In the final segment of the example program, you can see how to iterate just the keys or just the values. The dictionary's Keys property returns another collection: a list-shaped collection of type Dictionary<TKey, TValue>.KeyCollection. Because the keys happen to be strings, you can iterate the keys as strings and call string methods on them. The Values property is similar. The final bit of code uses the dictionary's Count property to see how many key/value pairs it contains.

// List the keys, which are in no particular order.
Console.WriteLine("
Just the keys:");
// Dictionary<TKey, TValue>.KeyCollection is a collection of just the keys,
// in this case strings. So here's how to retrieve the keys:
Dictionary<string, string>.KeyCollection keys = dict.Keys;
foreach(string key in keys)
{
  Console.WriteLine("Key: " + key);
}

// List the values, which are in same order as key collection above.
Console.WriteLine("
Just the values:");
Dictionary<string, string>.ValueCollection values = dict.Values;
foreach (string value in values)
{
  Console.WriteLine("Value: " + value);
}
Console.Write("
Number of items in the dictionary: " + dict.Count);

Of course, that doesn't exhaust the possibilities for working with dictionaries. Look up generic dictionary in the Help index for all the details.

Note

Dictionary pairs are in no particular order, and you can't sort a dictionary. It really is just like a bunch of buckets spread around the floor.

Array and Collection Initializers

In this section, I summarize initialization techniques for both arrays and collections — both old-style and new.
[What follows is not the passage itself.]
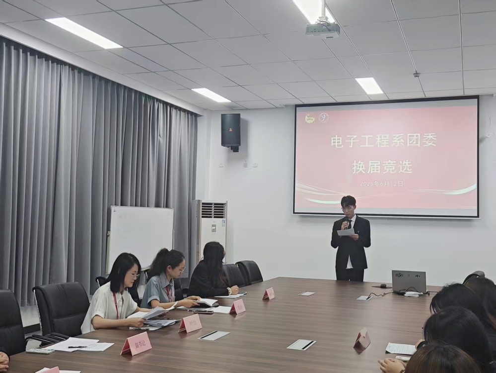为进一步加强电子工程系团委组织建设,激发青年学生骨干活力,2025年6月12日,电子工程系团委换届竞选大会在“一站式”学生社区慎学楼304举行。电子工程系党支部副书记叶绘、团委书记魏澜出席此次竞选大会,团委各部门学生干部参加大会。

You may want to bend the page corner.

Initializing arrays

Note

As a reminder, given the new var syntax covered earlier in this chapter, an array declaration can look like either of these examples:

int[] numbers = { 1, 2, 3 };           // Shorter form -- can't use var.
var numbers = new [] { 1, 2, 3 };      // Full initializer mandatory with var.

Initializing collections

Meanwhile, the traditional way to initialize a collection, such as a List<T> — or a Queue<T> or Stack<T> — back in the C# 2.0 days (a number of years ago), was this:

List<int> numList = new List<int>();        // New empty list.
numbers.Add(1);                             // Add elements one at a time.
numbers.Add(2);
numbers.Add(3);                             // ...tedious!

Or, if you had the numbers in an array or another collection already, it went like this:

List<int> numList = new List<int>(numbers); // Initializing from an array or...
List<int> numList2 = new List<int>(numList);// from another collection or...
numList.AddRange(numbers);                  // using AddRange

Note

When initializing lists, queues, or stacks as shown here, you can pass in any array or list-like collection, including lists, queues, stacks, and the new sets, which I cover in the next section (but not dictionaries — their shape is wrong). The MoreCollections example on the Web site illustrates several cases of initializing one collection from another.

Note

Since C# 3.0, collection initializers resemble the new array initializers and are much easier to use than most of the earlier forms. The new initializers look like this:

List<int> numList = new List<int> { 1, 2, 3 };  // List
int[] intArray = { 1, 2, 3 };                   // Array

The key difference between the new array and collection initializers is that you still must spell out the type for collections — which means giving List<int> after the new keyword (see the boldface in the preceding example).

Note

Of course, you can also use the var keyword with collections:

var list = new List<string> { "Head", "Heart", "Hands", "Health" };

You can also use the new dynamic keyword:

Dynamic list = new List<string> { "Head", "Heart", "Hands", "Health" };

Initializing dictionaries with the new syntax looks like this:

Dictionary<int, string> dict =
  new Dictionary<int, string> { { 1, "Sam" }, { 2, "Joe" } };

Outwardly, this example looks the same as for List<T>, but inside the outer curly braces, you see a second level of curly-brace-enclosed items, one per entry in the dictionary. Because this dictionary dict has integer keys and string values, each inner pair of curly braces contains one of each, separated by a comma. The key/value pairs are separated by commas as well.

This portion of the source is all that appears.